First time to make bran muffins and they turned out perfectly and they are yummy delious! Thank you!!!!
great muffins! i made them to bring with me on a ski trip. everyone loved them. i've made them again using apple sauce instead of the oil, and you can't even tell the difference. much healthier that way, and still tastes great! =)
these were not good.. very tasteless.. I threw them out after baking them.. wont make these again
These were delicious. I made several substitutions as recommended by other reviewers to make it lighter and to use what I had on hand. I substituted 1 cup skim milk and 1 TBL lemon juice for the buttermilk, 1/3 cup applesauce for the oil, 1/4 cup egg substitute for the egg. I only used 1/2 cup brown sugar and it was still sweet enough to us. We didn't miss the extra sugar. I doubled the vanilla and added 1 TBL cinnamon and 1 tsp allspice. YUM! Thanks Janet for a great recipe.
The quintessential bran muffin recipe. They aren't as heavy as some bran muffins I've had and they don't have that super sweet honey taste you get from market bran muffins.This muffin is fine with or without raisins. There are 2 things I modify to make them a little healthier. First, I decrease the brown sugar to half a cup. I also use a combination of whole wheat and all purpose flour. I use anything between 1/4 to 1/2 a cup wheat flour and make up the difference with all purpose. Any changes in texture (due to the whole wheat flour) are hardly noticed due to the bran.

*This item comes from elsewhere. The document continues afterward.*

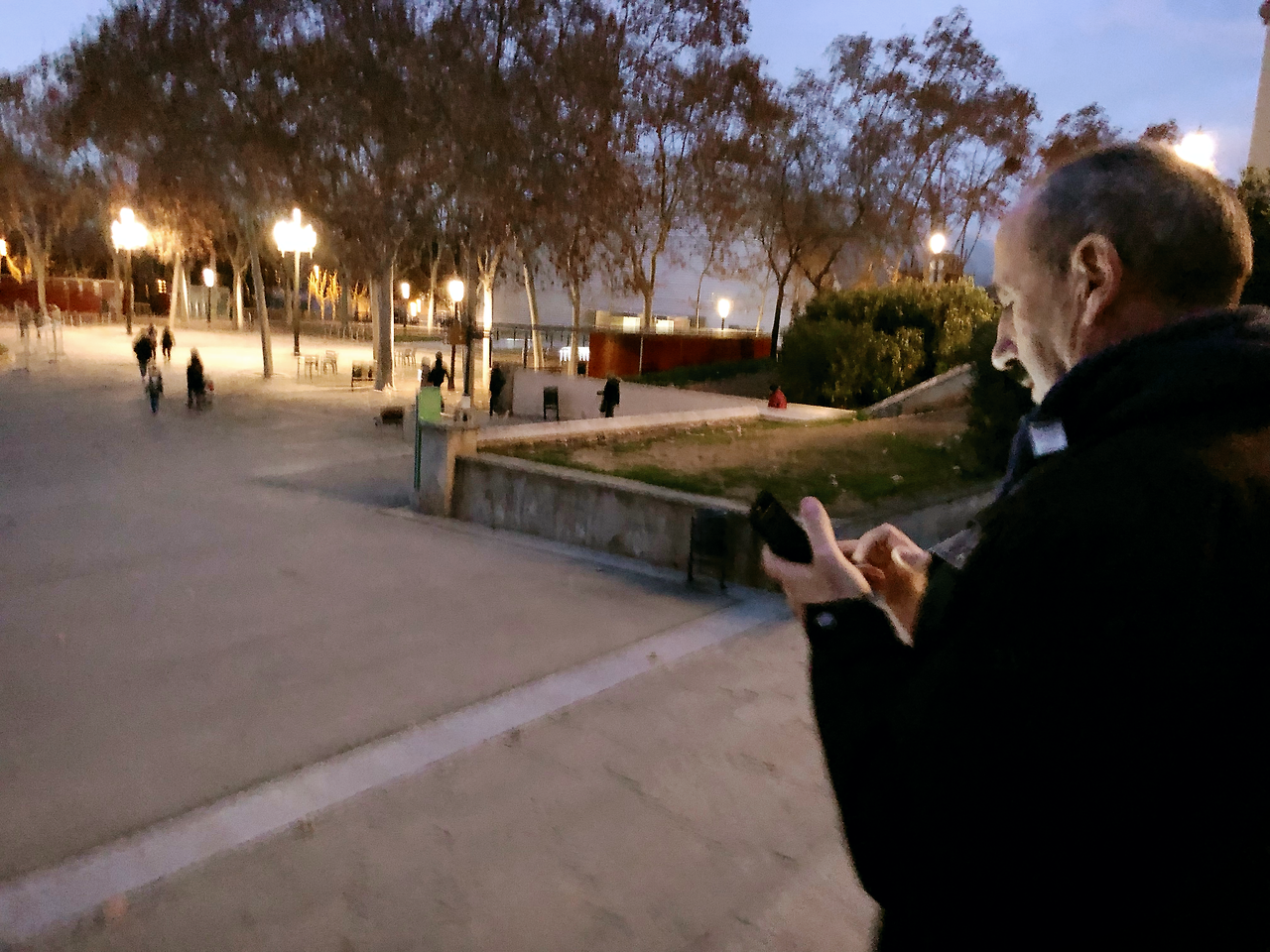 나는 영어로 말하고 할아버지는 스페인어로 말했다. 얼추 알아듣겠는 단어들을 통해 서로의 말을 이해했다. 이제 7시가 다되어 가니 방에서 짐을 싸고 다시 나와 마지막으로 스페인 거리를 걷다가 정리하고 자야겠다는 생각으로 할아버지와의 대화는 마치고 내 시간을 보내고 싶었다. 대화를 종료하고 갈 길을 가기 위해 이제 Metro로 가야겠다 어디로 가야 하냐고 물었다. 할아버지는 뭐라 뭐라 하면서 지하철을 향해 같이 내려가려는 행동을 보였다. 그래 메트로까지 같이 가는 거 어렵지 않지. 할아버지는 내려가는 동안 몬주익 분수 사진을 핸드폰으로 찾아 계속 보여주면서 여기는 6-8월에 와서 분수를 꼭 봐야겠다, 이렇게 추운데 왜 왔냐, 분수가 정말 아름답다고 반복해서 말했다. 그리고 내려가는 동안 틈틈이 내게 핸드폰을 가져가 사진도 찍어주었다.
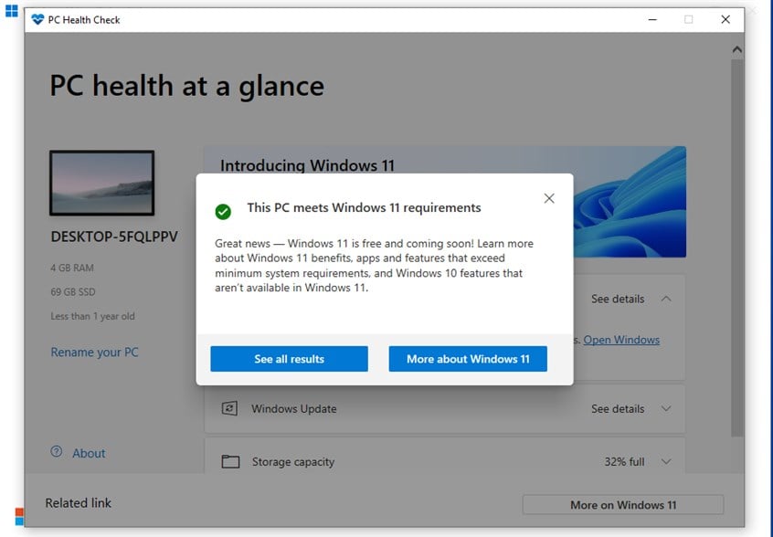 Nachdem der TPM-Chip aktiviert und die Bewertung wiederholt wurde, meldete die PC Health Check-App, dass dieser PC die Windows 11-Anforderungen erfüllt. Anschließend können Sie die App schließen und mit dem Upgrade-Vorgang fortfahren.

Terrific recipe! I took the advice of others: doubled vanilla, applesauce instead of oil, whole wheat flour and chopped walnuts. I used a cup of raisins but soaked them first in boiling water to plump them up and then used a little of that raisin water to moisten the batter. Didn't have carrots to add so used shredded zucchini. YUM! Even my picky teenagers gobbled them up. Thanks for a very versatile recipe.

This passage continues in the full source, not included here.